In an August 2012 custody hearing surrounding a child participant on the show, a court-appointed psychologist said, "Children adorned with pageantry identities are not 'playing' or 'pretending.' Instead, they are trained to closely resemble their adult counterparts." One mother on the show was criticized for padding her daughter's chest to resemble Dolly Parton's and another was criticized for asking her daughter to smoke fake cigarettes on stage.

==Spin-offs==
A spin-off series, Eden's World, began in March 2012 and focused on Eden Wood, her family, and her manager. In the show, Wood helped other girls to compete in pageants. The show was canceled a few months later.

Here Comes Honey Boo Boo, a second spin-off, starring Alana "Honey Boo Boo" Thompson and her family began on August 8, 2012. The series was a reality show depicting contestant Honey Boo Boo, her parents, and her older sisters going about their lives outside of pageants. The show was canceled in 2014, after Thompson's mother was found to be in a relationship with a convicted sex offender.

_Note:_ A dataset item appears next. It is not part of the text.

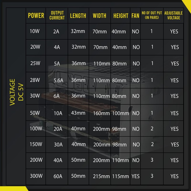 - Design: The DC5V power supply provides 150W and 30A power and is compatible with input voltages from 110V to 220V. It meets your requirements.
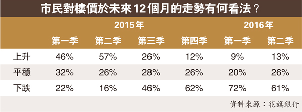 今年第二季認為樓價會在未來12個月下跌的受訪者比例,自2015年第二季開始連升三個季度後首次出現回落,並由2016年第一季創歷年新高的72%,下跌至61%。而2016年第二季認為樓價會在未來12個月上升的受訪者比例重上雙位數字,由2016年第一季的9%上升至13%。

Another spin-off, Cheer Perfection, began on December 21, 2012. The series features several of the children and their families from episodes of Toddlers & Tiaras. This reality series focuses on their cheer club Cheer Time Revolution and the drama with the mothers around the gym.

A fourth spin-off, Little Miss Atlanta, aired in 2016. This series followed contestants in the Little Miss Black US Pageant.